▸ **Records for the exercise**:
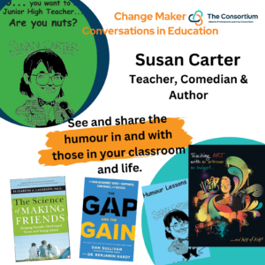 In this episode, we visit with retired teacher Susan Carter, who, while teaching, branched out into stand-up comedy, starting at Yuk Yuks and carrying on to Churches, Community Events, and Teachers’ Conventions. Susan has self-published a number of books. We talk about that process, her thoughts about the importance of comedy in the classroom and life, at least in part from her own experience, to “survive” and we might add thrive in the entertaining “chaos” that can be the Junior High experience.
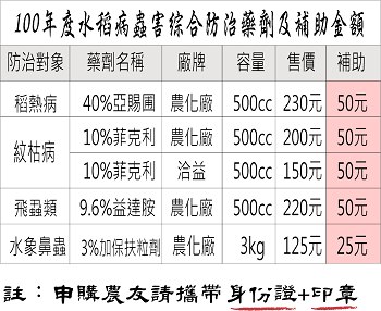 本會自即日起辦理水稻病蟲害綜合防治藥劑補助方案,補助藥劑如下:
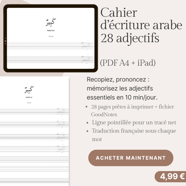 Apprendre les Adjectifs en Arabe – Livre d’Exercices Calligraphie & Traduction
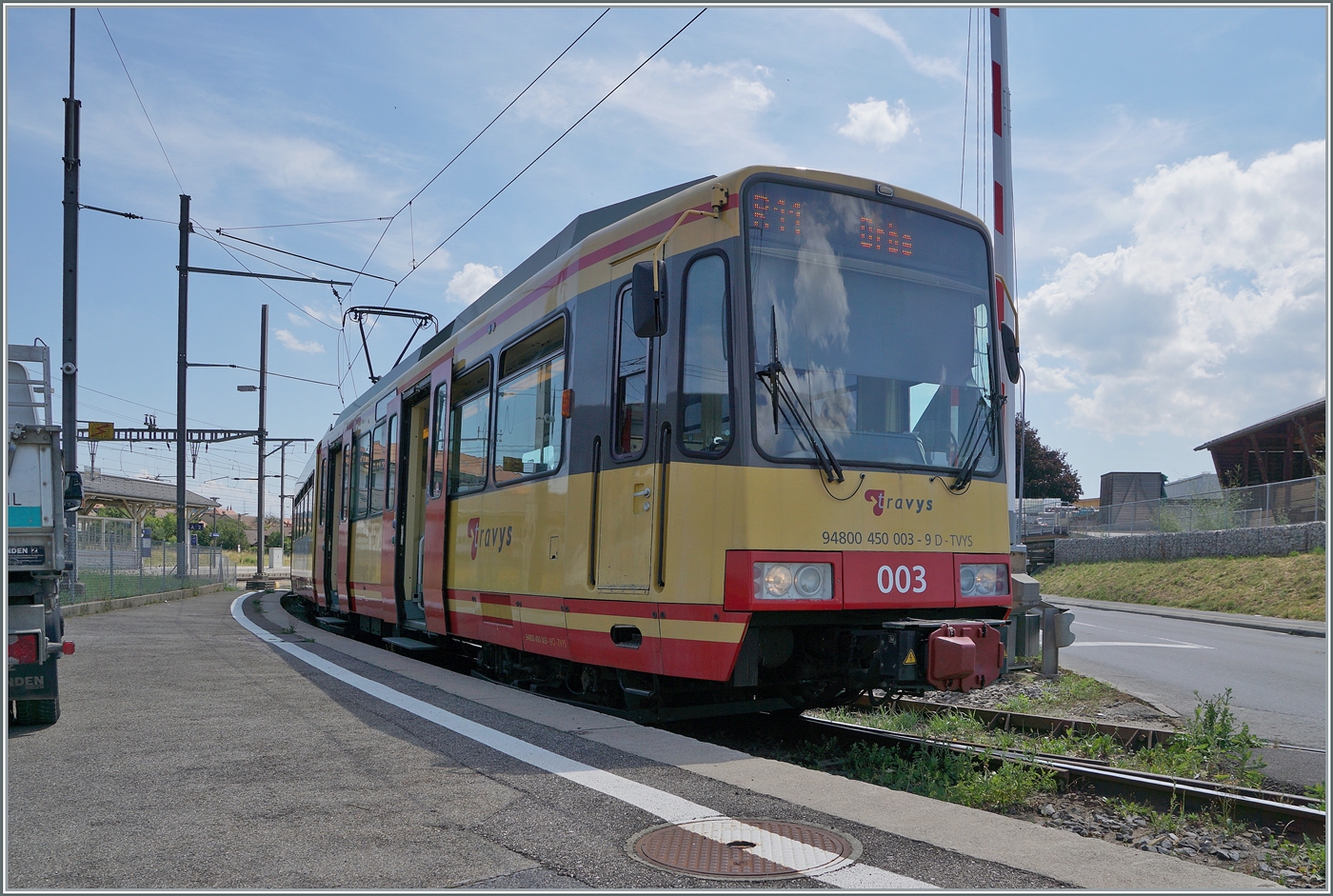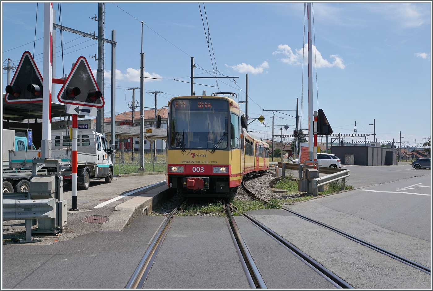 Der Be 4/8 N° 3 (94800 450 003-9 D-TVYS) aus Orbe in Chavornay angekommene wendet hier und wartet auf die baldige Rückfahrt nach Orbe. Der Gleichstromteil des Bahnhofs von Chavornay ist recht klein, und der in der Kurve stehende Triebwagen deshalb nicht ganz einfach zu fotografieren.
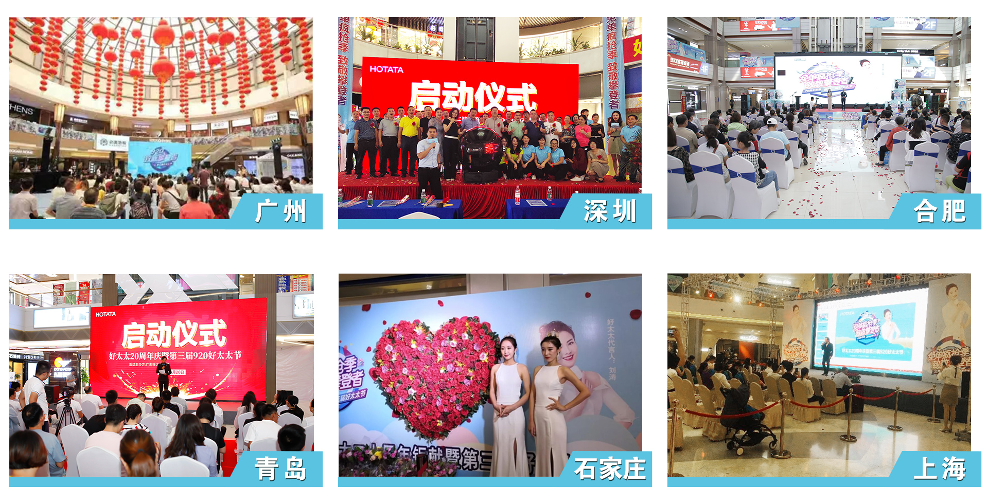 廣州、深圳、合肥、青島、石家莊、上海六城聯動共慶920好太太節,各地活動現場氣氛熱鬧。 廣州主會場大咖云集,共度浪漫節日之約;深圳分會場選在福田區樂安居舉行,與在場來賓徜徉在玫瑰海洋里,深情祝福與表白身邊的好太太;合肥會場以玫瑰花傳情,每一片玫瑰花瓣代表最美好的寄語,贊美她力量,贊美溫柔又堅定的新女性;青島場的活動熱鬧非凡,歌手現場互動,共同慶祝好太太節的節日盛典;石家莊會場萬朵玫瑰現場派發,為女性帶來最誠摯的祝福;上海會場主打溫情路線,現場人員對身邊的好太太表達了感謝之情,并贈送玫瑰。
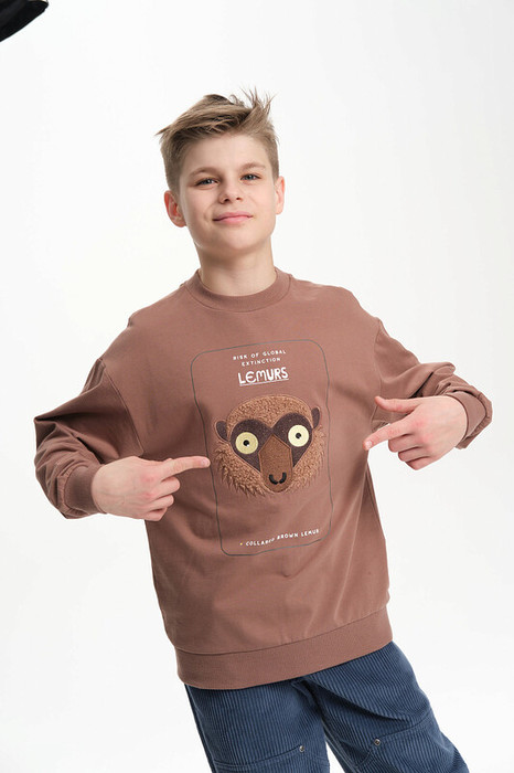Свитшот без начеса из материала футер-петля. Манжеты и низ изделия из рибаны. Толстовка весенняя украшена аппликацией из бербер-флиса (он же тедди-флис, барашек, чебурашка), а также надписью. Перевод надписи: "risk of the global extinction lemurs" - риск глобального вымирания лемуры, "collared brown lemur" - ошейниковый коричневый лемур. В составе ткани преобладает высококачественый хлопок — спортивная кофта приятна на ощупь и прекрасно пропускает воздух. Тонкую кофту можно носить круглый год. Широкая размерная сетка подойдет как для малыша так и для подростка.
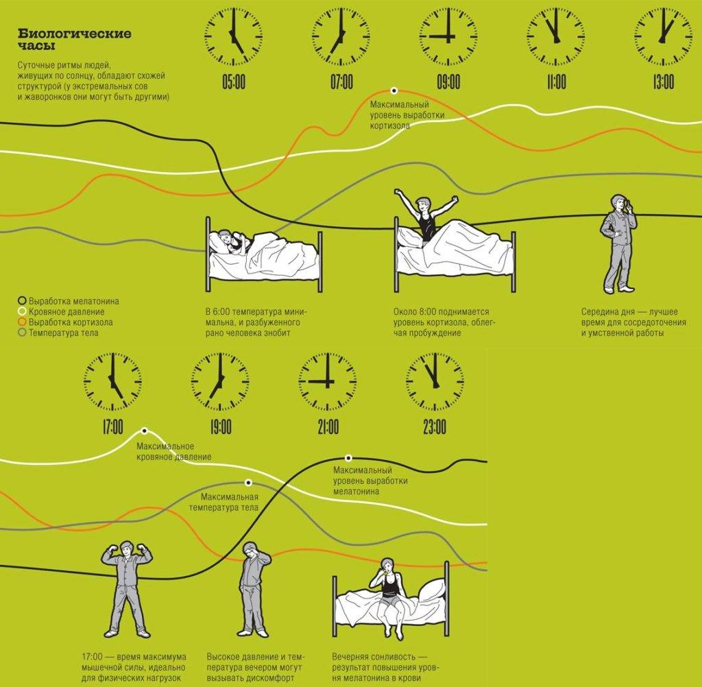 При этом важно слушать свой организм, составляя собственный график работы и придерживаясь правильного рациона питания. Ведь сама природа, создавшая разные хронотипы, напоминает нам о том, что каждый человек — индивидуален

▸ **Description of the task**:
Please extract exactly the lines of the data, from the first through the line containing "Der Be 4/8 N°", and add no pictures to the copy.

▸ **Reply to the exercise**:
 In this episode, we visit with retired teacher Susan Carter, who, while teaching, branched out into stand-up comedy, starting at Yuk Yuks and carrying on to Churches, Community Events, and Teachers’ Conventions. Susan has self-published a number of books. We talk about that process, her thoughts about the importance of comedy in the classroom and life, at least in part from her own experience, to “survive” and we might add thrive in the entertaining “chaos” that can be the Junior High experience.
 本會自即日起辦理水稻病蟲害綜合防治藥劑補助方案,補助藥劑如下:
 Apprendre les Adjectifs en Arabe – Livre d’Exercices Calligraphie & Traduction
 Der Be 4/8 N° 3 (94800 450 003-9 D-TVYS) aus Orbe in Chavornay angekommene wendet hier und wartet auf die baldige Rückfahrt nach Orbe. Der Gleichstromteil des Bahnhofs von Chavornay ist recht klein, und der in der Kurve stehende Triebwagen deshalb nicht ganz einfach zu fotografieren.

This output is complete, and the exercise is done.